Yeah, this is because an error gets thrown inside the cast-to-boolean.
It's intentional that the execution state tree gets thrown away if that
happens, per the comment in get_cast_hashentry:

     * Prepare the expression for execution, if it's not been done already in
     * the current transaction; also, if it's marked busy in the current
     * transaction, abandon that expression tree and build a new one, so as to
     * avoid potential problems with recursive cast expressions and failed
     * executions.  (We will leak some memory intra-transaction if that
     * happens a lot, but we don't expect it to.)  It's okay to update the

I'm not convinced that it'd be safe to re-use an ExprState after a
previous execution failed (though perhaps Andres has a different opinion?)
so I think the only way to avoid the intratransaction memory leak would
be to set up each new cast ExprState in its own memory context that we
could free.  That seems like adding quite a lot of overhead to get rid
of a leak that we've been living with for ages.

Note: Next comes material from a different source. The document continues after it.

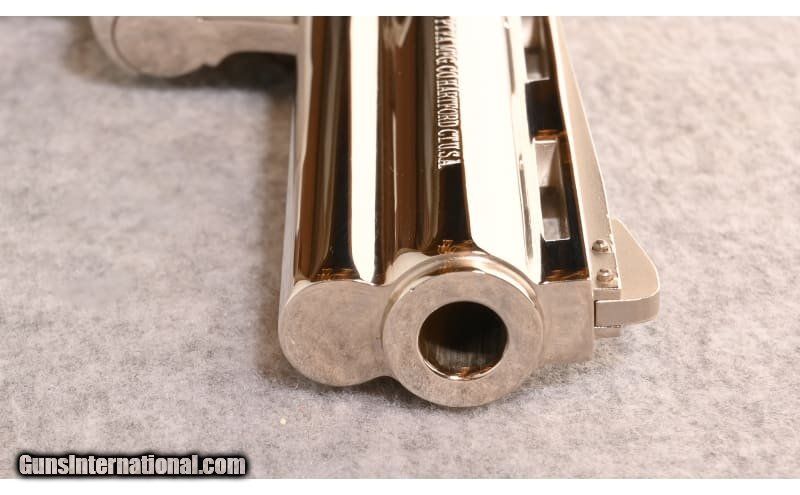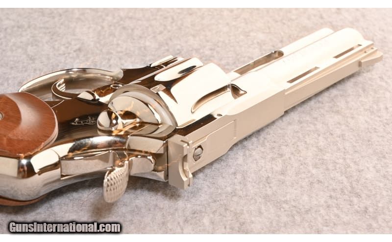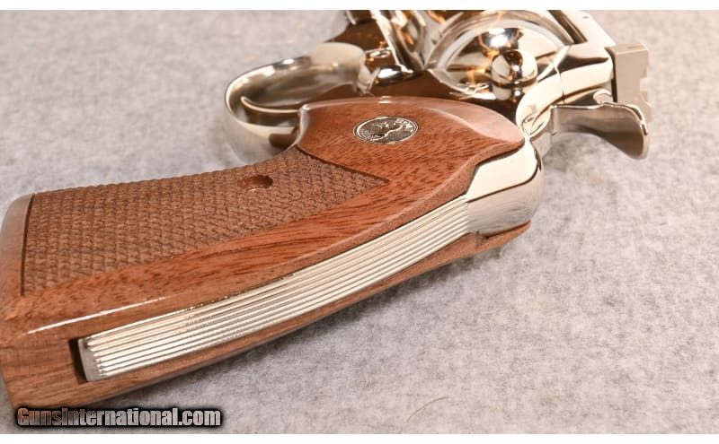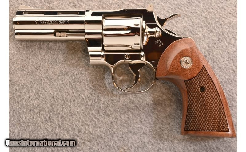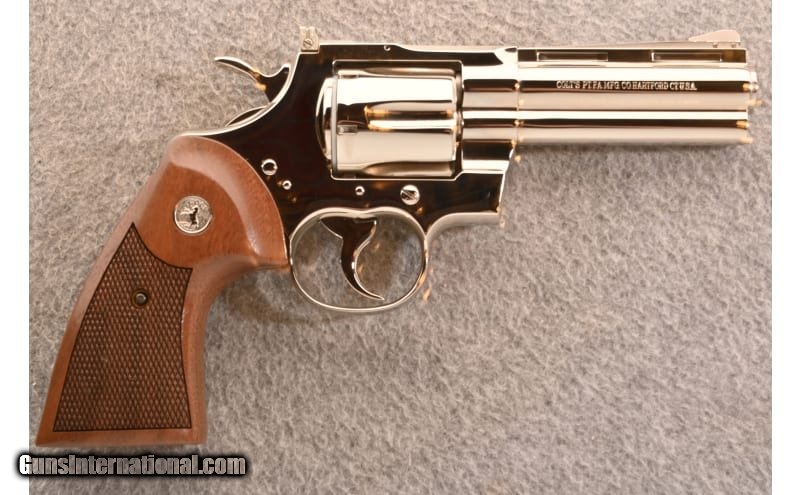 Description: A Colt Python .357 magnum in nickel with a 4 inch barrel, no turn ring, Excellent condition. Dated to 1969 on Colt's . .357 Magnum SOLD Metal Condition: Excellent with light wear Wood Condition: Excellent with light wear Bore Condition: Bright and Shiny Barrels: 4 inches Triggers: Single/Double action Weight: 2 lbs 8 oz Sights: "Front ramp, rear adjustable Item Location: Gonzales, LA |

Maybe we could pay the extra overhead only after the expression has
failed at least once.  Seems a bit messy though, and I'm afraid that
we'd have to add PG_TRY overhead in any case.

            regards, tom lane



Re: strong memory leak in plpgsql from handled rollback and lazy cast

От
Andres Freund
Дата:
Hi,

On 2019-09-22 18:43:23 -0400, Tom Lane wrote:
> I'm not convinced that it'd be safe to re-use an ExprState after a
> previous execution failed (though perhaps Andres has a different
> opinion?)

I don't immediately see why it'd be problematic to reuse at a later
time, as long as it's guaranteed that a) there's only one execution
happening at a time b) the failure wasn't in the middle of writing a
value.  a) would be problematic regardless of reuse-after-failure, and
b) should be satisfied by only failing at ereport etc.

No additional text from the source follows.